- Opening Delimiter -

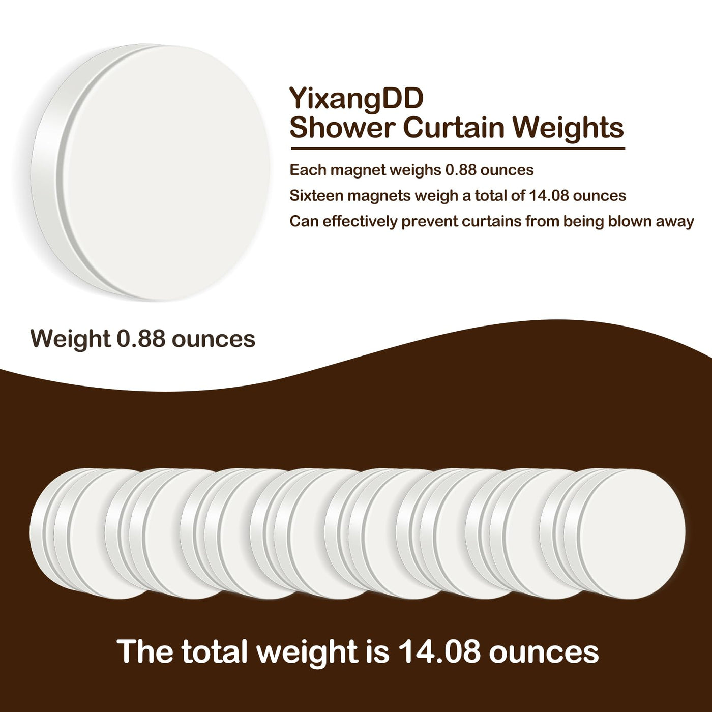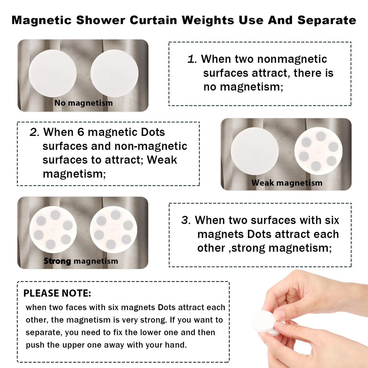 Q: How do these magnetic shower curtain weights work?A: The 16 Packs Magnetic Shower Curtain Weights feature strong round magnets that easily attach to the bottom of your shower curtain, helping to keep it weighted down and preventing it from blowing around in the breeze.
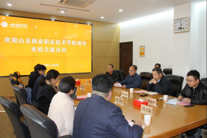 为推进职普融通,探索各类教育资源共建共享共赢新路径,强化不同层次职业教育之间的纵向贯通,11月29日下午,山东商业职业技术学院党委副书记、院长王鑫一行来校考察交流。院长董占军在长清校区会见来宾。
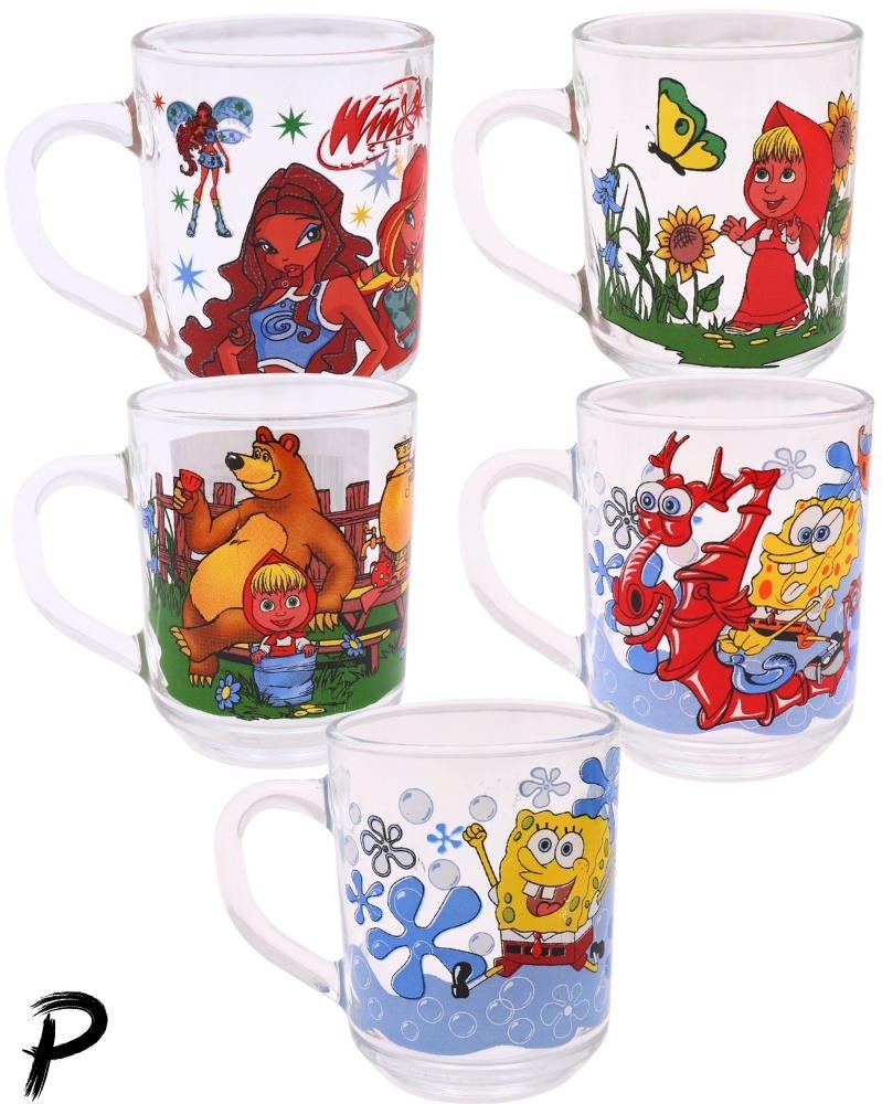 Стеклянная детская чашка «Cartoon-Mix», 200 мл - с изображениями любимых мультгероев (Маша и Медведь, Спанч Боб, Винкс и др.). Цвет и рисунок выбираются случайно. Не рекомендуется мыть в посудомоечной машине.
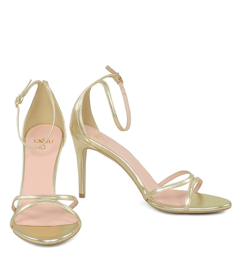 NARE – Złote sandały na szpilce z licowej skóry zakryta pięta
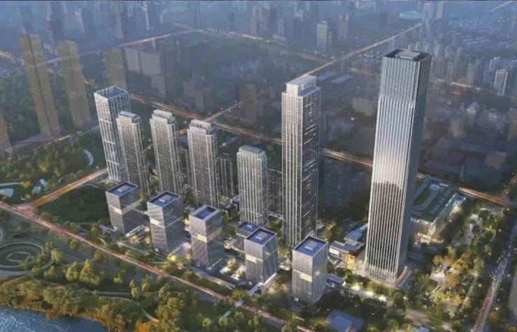 项目分11个地块开发,包含B1地块386.3米超塔、B2地块302.4米塔楼以及7栋住宅楼群。规划采用"垂直城市"设计理念,将功能垂直叠加,形成高效集约的空间布局。
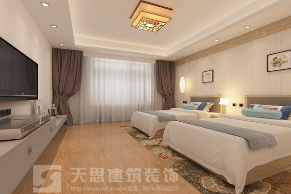 小型酒店客房,多以標(biāo)準(zhǔn)間、單人間為主,面積一般不會太大,不過可以利用延伸視覺效果的方法,來提升客房空間感。比如運(yùn)用由淺到深、富有層次感的彩色壁紙,搭配淡雅干凈的鋪蓋,安裝采光自然、光照充足的落地窗,延伸空間的同時也提高了舒適度。
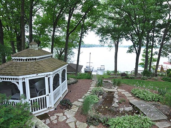 Lakefront living can be yours! Set on 1 acre w/77' of frontage on Potters Lake, this fabulous 4BR,2.5BA home has it all! Boathouse w/ramp, pier, lakeside deck, gazebo, 2 car + 3 car garages, multiple decks & luscious landscaping including waterfall! Dream KIT w/lg island, ceramic tile & vaulted ceiling w/skylights. MBR has hdwd floors & lakeside deck. LR w/stunning lakeviews! 4th BR/Den has knotty cedar decor overlooking water. Fnshd walkout lower level w/unique atrium! Easy commute to Milwaukee. Home Warr.
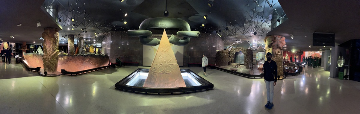 45) Bảo Tàng Dân Tộc Học Việt Nam (Vietnam Museum of Ethnology), Hanoi, Vietnam, February 15, 2025 - If there is such a thing as deep diving into a country’s culture then today Jonna and I took a deep breath and spent most of the day in one long free dive. We started, as usual, by getting up early and then fueling up with the hotel’s breakfast. After that we were straight out the front door. However, despite averaging about 9 miles of walking for the past three days our first stop today was just a bit too far to hoof it so we fired up the ride-share app Grab and got a ride. It was about a 30 minute drive and the weekend traffic was even crazier than what we’ve been seeing. There is a calmness to it - no one getting angry, no frequent accidents and no long blasts of the horn. But the traffic is completely unpredictable. Cars make U-turns from a parking spot on the right curb to go all the way over two "lanes" with seemingly no regard to the heavy traffic moving in both directions. Scooters thread through every tiny gap so there is a constant cloud of scooters like gnats also with little apparent pattern. Today we saw a dump truck make a right turn from the middle of the "lane" right across the front bumper of a car. But with all this chaos there is no apparent ego. No outrage. No reaction. Everyone just makes their way with maybe a quick toot of their horn when they want to make their presence known. It is really quite amazing. Anyway, we got to watch it all from just inches away out the windows of the car as we drive to the Vietnam Museum of Ethnology. This is a large museum outside the densely packed center of town where the Old Quarter and Ho Chi Minh Complex are located. This makes the museum an inconvenient place to visit for the tourist but if you go you quickly realize why it is located where it is - because it needs a lot of space.
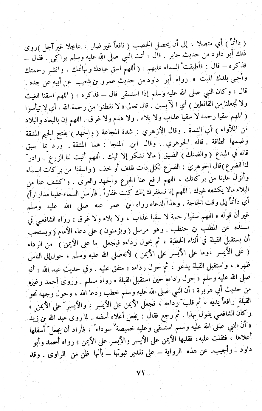 (وَالضَّنْكِ) الضِّيقُ «مَا لَا نَشْكُو إلَّا إلَيْك اللَّهُمَّ أَنْبِتْ لَنَا الزَّرْعَ وَأَدِرَّ لَنَا الضَّرْعَ» ) قَالَ الْجَوْهَرِيُّ: الضَّرْعُ لِكُلِّ ذَاتِ ظِلْفٍ أَوْ خُفٍّ «وَاسْقِنَا مِنْ بَرَكَاتِ السَّمَاءِ وَأَنْزِلْ عَلَيْنَا مِنْ بَرَكَاتِك، اللَّهُمَّ ارْفَعْ عَنَّا الْجُوعَ وَالْجَهْدَ وَالْعُرْيَ وَاكْشِفْ عَنَّا مِنْ الْبَلَاءِ مَا لَا يَكْشِفُهُ غَيْرُك اللَّهُمَّ إنَّا نَسْتَغْفِرُك إنَّك كُنْت غَفَّارًا فَأَرْسِلْ السَّمَاءَ عَلَيْنَا مِدْرَارًا» أَيْ دَائِمًا إلَى وَقْتِ الْحَاجَةِ وَهَذَا الدُّعَاءُ رَوَاهُ ابْنُ عُمَرَ عَنْهُ - صَلَّى اللَّهُ عَلَيْهِ وَسَلَّمَ - غَيْرَ أَنَّ قَوْلَهُ «اللَّهُمَّ سُقْيَا رَحْمَةٍ لَا سُقْيَا عَذَابٍ، وَلَا بَلَاءٍ وَلَا غَرَقٍ» رَوَاهُ الشَّافِعِيُّ فِي مُسْنَدِهِ عَنْ الْمُطَّلِبِ بْنِ حَنْطَبٍ وَهُوَ مُرْسَلٌ.
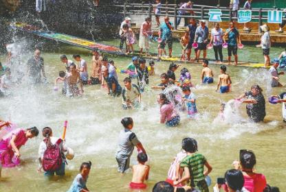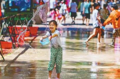 泼水,不论是“社牛”还是“社恐”,面对劈头盖脸的山泉水“问候”,只能奋起舀水予以回击。“泼水节的形式释放天性,非常解压,平时要守规矩,遵礼仪,懂礼貌,别说小孩儿,大人都有点喘不过气。”游客吴女士认为,在泼水节上,每个大人都可以当回小孩子。
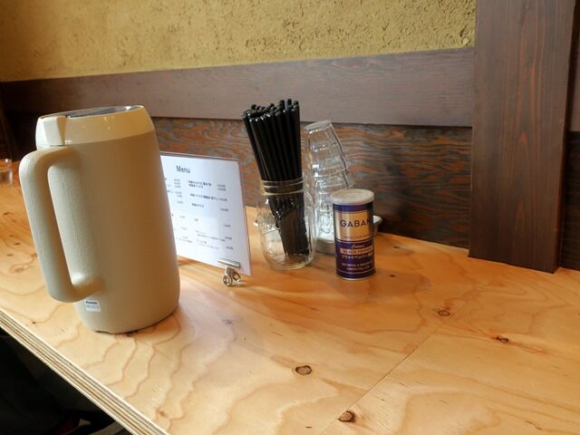 BGMはRATMのナイスなサウンド。箸は洗い箸でエコ仕様。卓上調味料はGABANブラックペッパー。
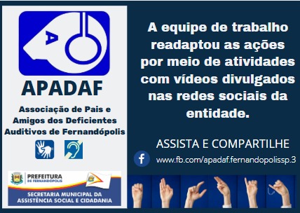 Em tempos de pandemia da Covid-19, a equipe de trabalho da APADAF- Associação de Pais e Amigos dos Deficientes Auditivos de Fernandópolis, em parceria com a Secretaria Municipal de Assistência Social e Cidadania, readaptou as ações por meio de atividades com vídeos divulgados nas redes sociais da entidade.
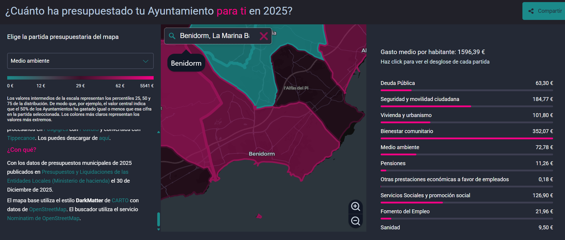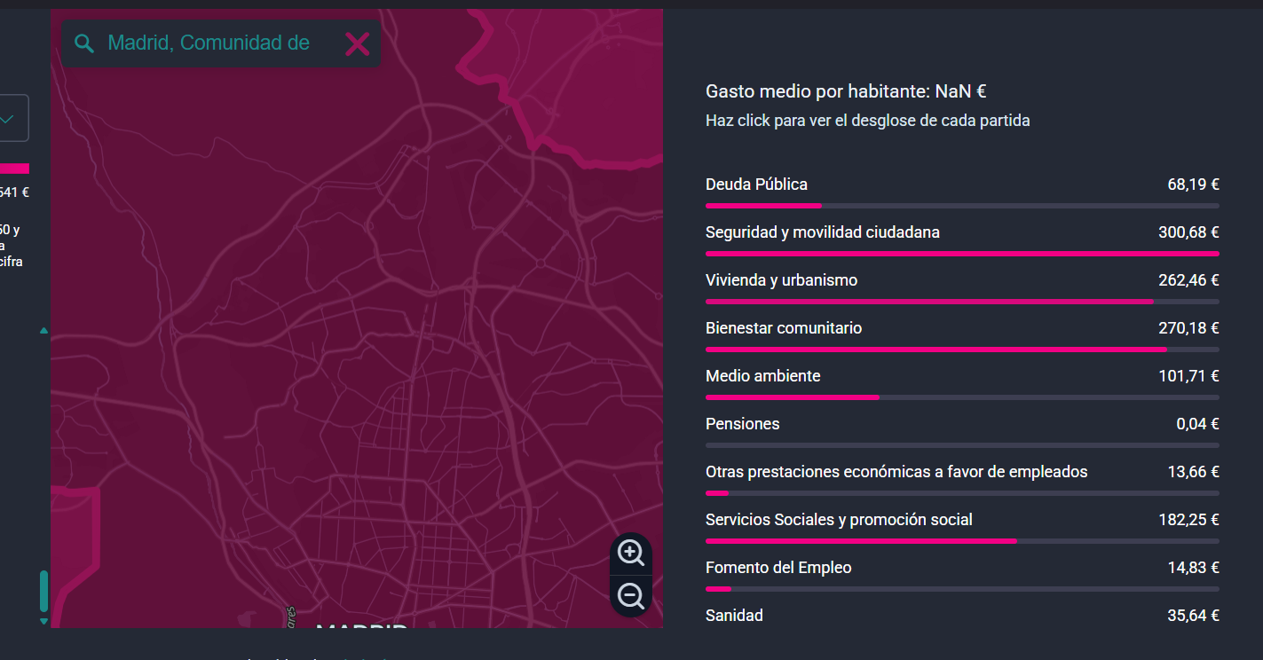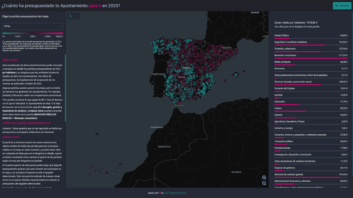 This interactive data visualisation allows users to consult and compare in detail the 2025 budget items per inhabitant and their breakdown for local authorities in Spain, i.e. town councils.
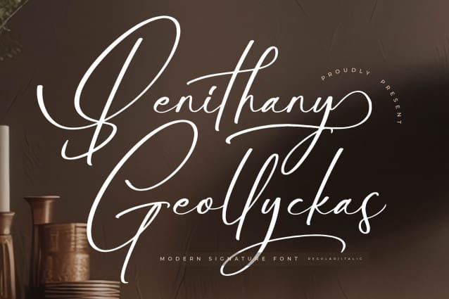 Benithany Geollyckas Font – Modern Signature Font , from Letterena, is a Luxury Script font, suitable for any projects such as: logos, branding projects, homeware designs, product packaging, mugs, quotes, posters, shopping bags, t-shirts, book covers, name card, invitation cards, greeting cards, label, photography, watermark, special events, and all your other luxury and beautiful projects that need a Luxury Script taste.
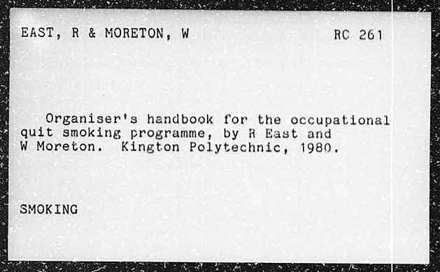 EAST, R & MORETON, W Organiser's handbook for the occupational quit smoking programme, by R East and W Moreton. Kington Polytechnic, 1980, SMOKING

- Closing Delimiter -

Omit the pictures, and quote the material above exactly as given.

RESULT FOR THIS EXERCISE:
 Q: How do these magnetic shower curtain weights work?A: The 16 Packs Magnetic Shower Curtain Weights feature strong round magnets that easily attach to the bottom of your shower curtain, helping to keep it weighted down and preventing it from blowing around in the breeze.
 为推进职普融通,探索各类教育资源共建共享共赢新路径,强化不同层次职业教育之间的纵向贯通,11月29日下午,山东商业职业技术学院党委副书记、院长王鑫一行来校考察交流。院长董占军在长清校区会见来宾。
 Стеклянная детская чашка «Cartoon-Mix», 200 мл - с изображениями любимых мультгероев (Маша и Медведь, Спанч Боб, Винкс и др.). Цвет и рисунок выбираются случайно. Не рекомендуется мыть в посудомоечной машине.
 NARE – Złote sandały na szpilce z licowej skóry zakryta pięta
 项目分11个地块开发,包含B1地块386.3米超塔、B2地块302.4米塔楼以及7栋住宅楼群。规划采用"垂直城市"设计理念,将功能垂直叠加,形成高效集约的空间布局。
 小型酒店客房,多以標(biāo)準(zhǔn)間、單人間為主,面積一般不會太大,不過可以利用延伸視覺效果的方法,來提升客房空間感。比如運(yùn)用由淺到深、富有層次感的彩色壁紙,搭配淡雅干凈的鋪蓋,安裝采光自然、光照充足的落地窗,延伸空間的同時也提高了舒適度。
 Lakefront living can be yours! Set on 1 acre w/77' of frontage on Potters Lake, this fabulous 4BR,2.5BA home has it all! Boathouse w/ramp, pier, lakeside deck, gazebo, 2 car + 3 car garages, multiple decks & luscious landscaping including waterfall! Dream KIT w/lg island, ceramic tile & vaulted ceiling w/skylights. MBR has hdwd floors & lakeside deck. LR w/stunning lakeviews! 4th BR/Den has knotty cedar decor overlooking water. Fnshd walkout lower level w/unique atrium! Easy commute to Milwaukee. Home Warr.
 45) Bảo Tàng Dân Tộc Học Việt Nam (Vietnam Museum of Ethnology), Hanoi, Vietnam, February 15, 2025 - If there is such a thing as deep diving into a country’s culture then today Jonna and I took a deep breath and spent most of the day in one long free dive. We started, as usual, by getting up early and then fueling up with the hotel’s breakfast. After that we were straight out the front door. However, despite averaging about 9 miles of walking for the past three days our first stop today was just a bit too far to hoof it so we fired up the ride-share app Grab and got a ride. It was about a 30 minute drive and the weekend traffic was even crazier than what we’ve been seeing. There is a calmness to it - no one getting angry, no frequent accidents and no long blasts of the horn. But the traffic is completely unpredictable. Cars make U-turns from a parking spot on the right curb to go all the way over two "lanes" with seemingly no regard to the heavy traffic moving in both directions. Scooters thread through every tiny gap so there is a constant cloud of scooters like gnats also with little apparent pattern. Today we saw a dump truck make a right turn from the middle of the "lane" right across the front bumper of a car. But with all this chaos there is no apparent ego. No outrage. No reaction. Everyone just makes their way with maybe a quick toot of their horn when they want to make their presence known. It is really quite amazing. Anyway, we got to watch it all from just inches away out the windows of the car as we drive to the Vietnam Museum of Ethnology. This is a large museum outside the densely packed center of town where the Old Quarter and Ho Chi Minh Complex are located. This makes the museum an inconvenient place to visit for the tourist but if you go you quickly realize why it is located where it is - because it needs a lot of space.
 (وَالضَّنْكِ) الضِّيقُ «مَا لَا نَشْكُو إلَّا إلَيْك اللَّهُمَّ أَنْبِتْ لَنَا الزَّرْعَ وَأَدِرَّ لَنَا الضَّرْعَ» ) قَالَ الْجَوْهَرِيُّ: الضَّرْعُ لِكُلِّ ذَاتِ ظِلْفٍ أَوْ خُفٍّ «وَاسْقِنَا مِنْ بَرَكَاتِ السَّمَاءِ وَأَنْزِلْ عَلَيْنَا مِنْ بَرَكَاتِك، اللَّهُمَّ ارْفَعْ عَنَّا الْجُوعَ وَالْجَهْدَ وَالْعُرْيَ وَاكْشِفْ عَنَّا مِنْ الْبَلَاءِ مَا لَا يَكْشِفُهُ غَيْرُك اللَّهُمَّ إنَّا نَسْتَغْفِرُك إنَّك كُنْت غَفَّارًا فَأَرْسِلْ السَّمَاءَ عَلَيْنَا مِدْرَارًا» أَيْ دَائِمًا إلَى وَقْتِ الْحَاجَةِ وَهَذَا الدُّعَاءُ رَوَاهُ ابْنُ عُمَرَ عَنْهُ - صَلَّى اللَّهُ عَلَيْهِ وَسَلَّمَ - غَيْرَ أَنَّ قَوْلَهُ «اللَّهُمَّ سُقْيَا رَحْمَةٍ لَا سُقْيَا عَذَابٍ، وَلَا بَلَاءٍ وَلَا غَرَقٍ» رَوَاهُ الشَّافِعِيُّ فِي مُسْنَدِهِ عَنْ الْمُطَّلِبِ بْنِ حَنْطَبٍ وَهُوَ مُرْسَلٌ.
 泼水,不论是“社牛”还是“社恐”,面对劈头盖脸的山泉水“问候”,只能奋起舀水予以回击。“泼水节的形式释放天性,非常解压,平时要守规矩,遵礼仪,懂礼貌,别说小孩儿,大人都有点喘不过气。”游客吴女士认为,在泼水节上,每个大人都可以当回小孩子。
 BGMはRATMのナイスなサウンド。箸は洗い箸でエコ仕様。卓上調味料はGABANブラックペッパー。
 Em tempos de pandemia da Covid-19, a equipe de trabalho da APADAF- Associação de Pais e Amigos dos Deficientes Auditivos de Fernandópolis, em parceria com a Secretaria Municipal de Assistência Social e Cidadania, readaptou as ações por meio de atividades com vídeos divulgados nas redes sociais da entidade.
 This interactive data visualisation allows users to consult and compare in detail the 2025 budget items per inhabitant and their breakdown for local authorities in Spain, i.e. town councils.
 Benithany Geollyckas Font – Modern Signature Font , from Letterena, is a Luxury Script font, suitable for any projects such as: logos, branding projects, homeware designs, product packaging, mugs, quotes, posters, shopping bags, t-shirts, book covers, name card, invitation cards, greeting cards, label, photography, watermark, special events, and all your other luxury and beautiful projects that need a Luxury Script taste.
 EAST, R & MORETON, W Organiser's handbook for the occupational quit smoking programme, by R East and W Moreton. Kington Polytechnic, 1980, SMOKING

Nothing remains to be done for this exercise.